Of course, distracting attention from their own products does not come naturally to designers. Another strategy is to personalise the product. ‘We want users to feel proud. For example, you can allow someone to choose from two hundred snowboard helmets with different prints, or you can design a prosthesis on the basis of a personal interview. This ensures the user feels good about the product, and it reinforces the character of the user.’
Another product strategy involves the avoidance of confronting elements during use. As an example, Vaes holds up one of the cards showing an insulin syringe that is concealed inside a pen, but designers might also be able to make sure that users have to use the product as little as possible. ‘Let’s suppose we could make a dust mask with a built-in sensor that measures when the concentration of dust is very high, so that you need to wear the mask only when it is really necessary. This is also really nice – two Swedish designers built this cycling helmet into a kind of scarf. It’s actually an airbag that inflates over your head in the event of a fall.’
Materials and new technologies can also be put to good use. An artificial leg can be made from lighter and stronger materials, for example, and a hearing aid can appear smaller if it is transparent. Finally, a designer can align the product with an accepted existing product. A familiar example is a hearing aid that is integrated into the frames of glasses or a helmet that is almost invisible under a hat.

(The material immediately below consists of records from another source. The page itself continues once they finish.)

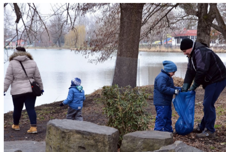
Nem lehet elég korán kezdeni

kőszénbányákból van borostyánjuk és azt tudományos célra kölcsönadnák, felajánlanák, vagy bemutatás céljából elhoznák! Az előadást követően megvásárolható a kutatócsoport „Bakonyi dinoszauruszok csodálatos világa” című könyve.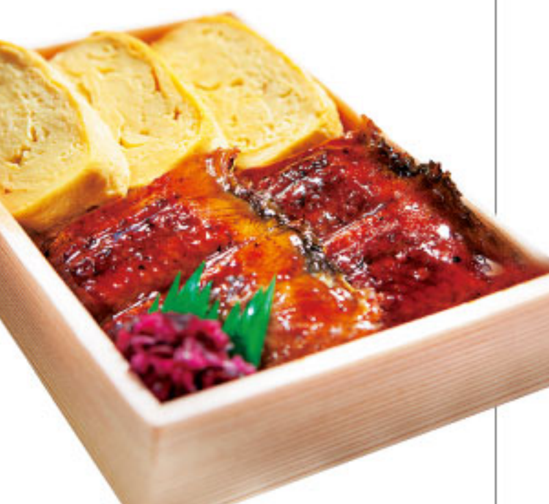
心やすらぐ京の味。 大徳寺さいき家 ●京都府 鰻だし巻弁当(1折)……1,944円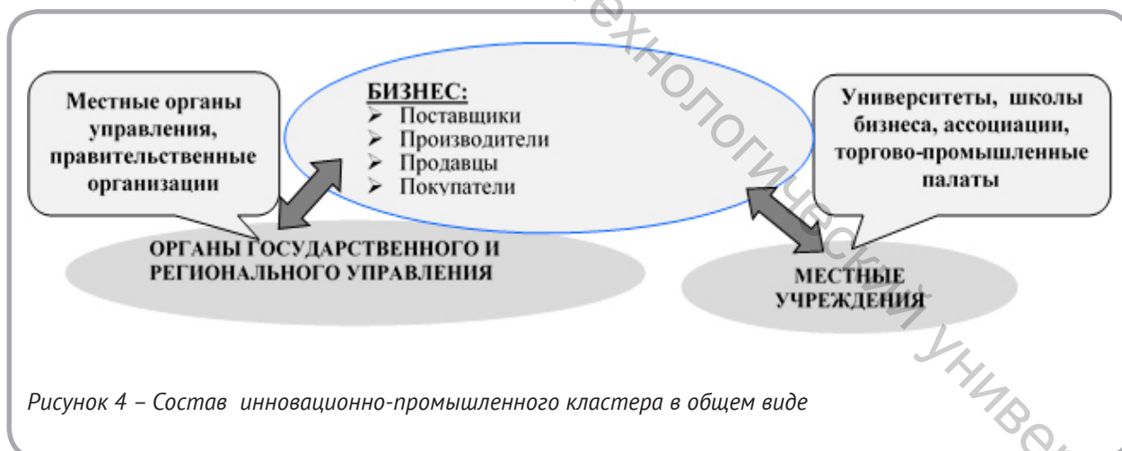
Рисунок 4 – Состав инновационно-промышленного кластера в общем виде

В отличие от традиционных промышленных кластеров, инновационно-промышленные кластеры представляют собой систему тесных взаимосвязей не только между фирмами, их поставщиками и клиентами, но и институтами знаний, среди которых крупные исследовательские центры и университеты, являясь генераторами но-

A second set is based on the principle of ‘user empowerment’. Here, designers make use of extra features that other users might be jealous of, like the blades of the bladerunner. ‘One student designed a mask where the filter was built into a toy figure that you could attach to the shoulder of a child, to their backpack for example. There is no additional functionality, but it makes the child feel stronger. Or you could add a pair of lips onto the mask. That kind of humorous, disarming touch can really help.
The third and final set of cards relates to cultural aspects. Vaes talks about how to launch a product, for example. ‘You can use famous cyclists to promote cycle helmets. You could also promote social integration. If you are designing a park bench, include a place that someone can put their wheeled walker or wheelchair under. Then they can actually participate in a conversation without people’s attention constantly being drawn to their wheelchair.’
Vaes is convinced that these design tools can help to reduce product-related stigma. Thinking back to his original design brief – a dust mask for asthmatic children – he would make the mask transparent. ‘That makes it more friendly, because then other children can see when their friend is smiling or laughing.’
Vaes would not incorporate the filter into the mask itself, so the mask does not get too heavy. ‘We can use a transparent tube passing over the shoulder to connect the mask to the filter unit, which is very compact, about the size of a Coke can. You can then put the filter unit inside a backpack, like a water bottle on a bike. You can also incorporate it in a fun way.’